Terkadang memang disaat keinginan sangat kuat dan kebutuhan mendesak, kita cenderung menuntut. Meminta dengan nada yang sedikit memaksa, atau meminta disaat yang tak tepat seperti ketika suami lelah sehabis menjeput rizki diluar rumah seharian. Tentu kita sering mendengar nasehat ‘sambutlah suami dengan senyum terbaik ketika pulang lelah bekerja,’ tetapi kadang ketika keadaan tengah sulit dan hidup serba kekurangan sulit sekali melakukan hal tersebut. Astagfirullah, mari sama-sama beristighfar saudariku, saya pun tak luput dari kekhilafan yang demikian. Sesungguhnya اَللّهُ Swt. Maha Mengetahui keadaan setiap hambaNya, Ia tidak lalai dan tak pernah dzalim. Namun, kitalah sebagai hamba yang sering lalai dan menganiaya diri sendiri dengan segala khilaf dan mengabaikan perintah dan laranganNya. Kesempitan dan kelapangan yang kita alami tiada luput dari kehendakNya.

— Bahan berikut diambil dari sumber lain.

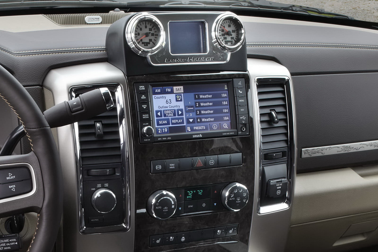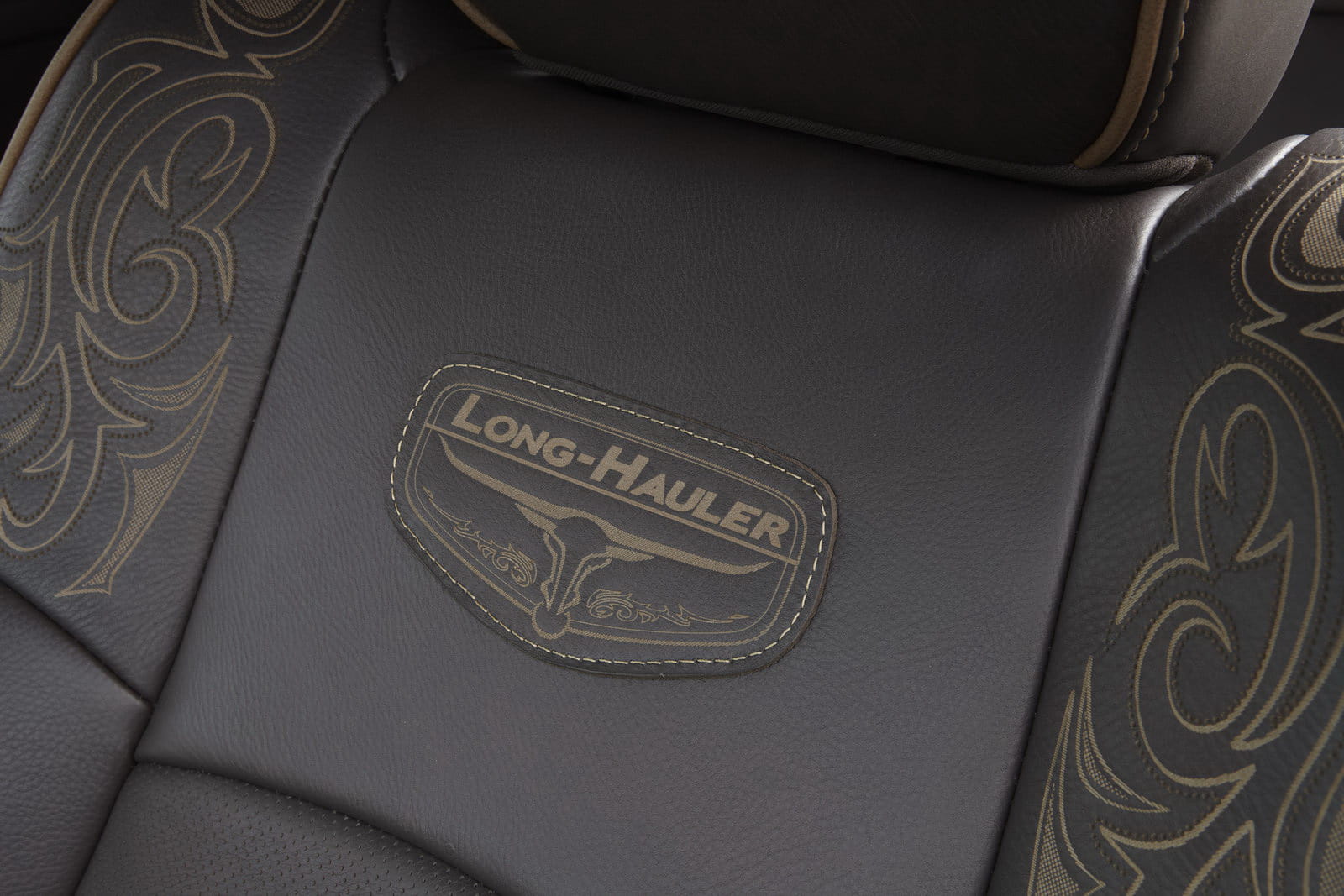 Las llantas de 19,5 pulgadas incluyen un doble juego trasero, digno de una auténtica cabeza tractora, de ahí que estas versiones sean denominadas dually. El habitáculo del Ram Long-Hauler Concept está customizado con asientos de cuero y una instrumentación con detalles “sureños” que harán las delicias de los habitantes del gran estado de Texas. Bromas aparte, tiene un completo equipo de infotainment y una instrumentación muy completa orientada al control de la carga.

“Allah melapangkan rizki bagi siapa yang dikendaki diantara hamba-hambaNya dan Dia pula yang menyempitkan baginya. Sesungguhnya Allah maha mengetahui segala sesuatu.” (QS Al Ankabuut : 62)
Bermuhasabah dan selalu bertawakal kepada اَللّهُ Swt. adalah jalan yang terbaik. Mari kita saling mengingatkan untuk selalu meningkatkan kualitas diri melalui ibadah dan amalan kebaikan. Berkomunikasilah dengan cara-cara yang baik dan lemah lembut bersama pasangan untuk meminta sesuatu dan salinglah mendukung untuk bersama-sama menghadapi kehidupan disaat lapang maupun sempit. Dan teruslah berdoa pada Yang Maha Memberi untuk segala asa dan cita yang belum terpenuhi.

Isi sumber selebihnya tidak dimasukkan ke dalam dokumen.